WORK TO BE COMPLETED>
Below are some records. Return exactly the lines from the one with "此次系列活动内容丰富,不仅邀" to the one with "30、回到桌面,右键桌面上的", and nothing else.

- - - - - - -

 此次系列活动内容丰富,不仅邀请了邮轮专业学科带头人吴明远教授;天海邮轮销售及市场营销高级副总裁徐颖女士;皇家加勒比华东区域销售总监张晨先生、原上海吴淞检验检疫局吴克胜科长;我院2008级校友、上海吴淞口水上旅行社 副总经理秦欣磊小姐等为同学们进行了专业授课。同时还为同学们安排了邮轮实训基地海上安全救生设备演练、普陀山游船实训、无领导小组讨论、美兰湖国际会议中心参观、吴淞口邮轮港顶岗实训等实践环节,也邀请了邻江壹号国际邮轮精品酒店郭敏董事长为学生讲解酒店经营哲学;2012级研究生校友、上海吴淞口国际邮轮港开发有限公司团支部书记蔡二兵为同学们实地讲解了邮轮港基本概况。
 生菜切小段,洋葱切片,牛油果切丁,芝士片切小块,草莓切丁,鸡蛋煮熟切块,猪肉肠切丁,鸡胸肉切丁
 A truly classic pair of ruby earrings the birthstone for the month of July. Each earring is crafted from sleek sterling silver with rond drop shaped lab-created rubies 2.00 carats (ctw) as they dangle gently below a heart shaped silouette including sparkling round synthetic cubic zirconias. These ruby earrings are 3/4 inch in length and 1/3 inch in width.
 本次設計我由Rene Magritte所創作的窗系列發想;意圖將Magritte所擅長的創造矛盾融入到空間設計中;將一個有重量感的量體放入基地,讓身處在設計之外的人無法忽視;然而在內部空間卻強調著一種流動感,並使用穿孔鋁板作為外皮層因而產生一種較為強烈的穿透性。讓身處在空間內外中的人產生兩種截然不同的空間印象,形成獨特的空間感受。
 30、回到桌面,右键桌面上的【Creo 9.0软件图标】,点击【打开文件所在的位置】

- - - - - - -

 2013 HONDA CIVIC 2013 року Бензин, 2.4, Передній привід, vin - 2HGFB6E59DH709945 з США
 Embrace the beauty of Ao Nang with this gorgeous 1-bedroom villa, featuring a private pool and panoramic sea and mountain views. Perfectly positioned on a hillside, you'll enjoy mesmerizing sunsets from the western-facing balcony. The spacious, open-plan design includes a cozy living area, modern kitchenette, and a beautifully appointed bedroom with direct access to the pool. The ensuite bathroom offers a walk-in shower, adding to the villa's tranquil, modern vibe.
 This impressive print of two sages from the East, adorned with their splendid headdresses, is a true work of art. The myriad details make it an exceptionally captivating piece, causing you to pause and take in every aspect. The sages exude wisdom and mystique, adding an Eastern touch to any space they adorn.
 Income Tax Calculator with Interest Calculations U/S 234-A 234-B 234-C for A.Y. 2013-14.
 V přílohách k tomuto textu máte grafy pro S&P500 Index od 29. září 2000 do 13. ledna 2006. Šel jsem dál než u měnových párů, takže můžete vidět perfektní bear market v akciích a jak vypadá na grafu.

- - - - - - -

FINISHED TASK>
 此次系列活动内容丰富,不仅邀请了邮轮专业学科带头人吴明远教授;天海邮轮销售及市场营销高级副总裁徐颖女士;皇家加勒比华东区域销售总监张晨先生、原上海吴淞检验检疫局吴克胜科长;我院2008级校友、上海吴淞口水上旅行社 副总经理秦欣磊小姐等为同学们进行了专业授课。同时还为同学们安排了邮轮实训基地海上安全救生设备演练、普陀山游船实训、无领导小组讨论、美兰湖国际会议中心参观、吴淞口邮轮港顶岗实训等实践环节,也邀请了邻江壹号国际邮轮精品酒店郭敏董事长为学生讲解酒店经营哲学;2012级研究生校友、上海吴淞口国际邮轮港开发有限公司团支部书记蔡二兵为同学们实地讲解了邮轮港基本概况。
 生菜切小段,洋葱切片,牛油果切丁,芝士片切小块,草莓切丁,鸡蛋煮熟切块,猪肉肠切丁,鸡胸肉切丁
 A truly classic pair of ruby earrings the birthstone for the month of July. Each earring is crafted from sleek sterling silver with rond drop shaped lab-created rubies 2.00 carats (ctw) as they dangle gently below a heart shaped silouette including sparkling round synthetic cubic zirconias. These ruby earrings are 3/4 inch in length and 1/3 inch in width.
 本次設計我由Rene Magritte所創作的窗系列發想;意圖將Magritte所擅長的創造矛盾融入到空間設計中;將一個有重量感的量體放入基地,讓身處在設計之外的人無法忽視;然而在內部空間卻強調著一種流動感,並使用穿孔鋁板作為外皮層因而產生一種較為強烈的穿透性。讓身處在空間內外中的人產生兩種截然不同的空間印象,形成獨特的空間感受。
 30、回到桌面,右键桌面上的【Creo 9.0软件图标】,点击【打开文件所在的位置】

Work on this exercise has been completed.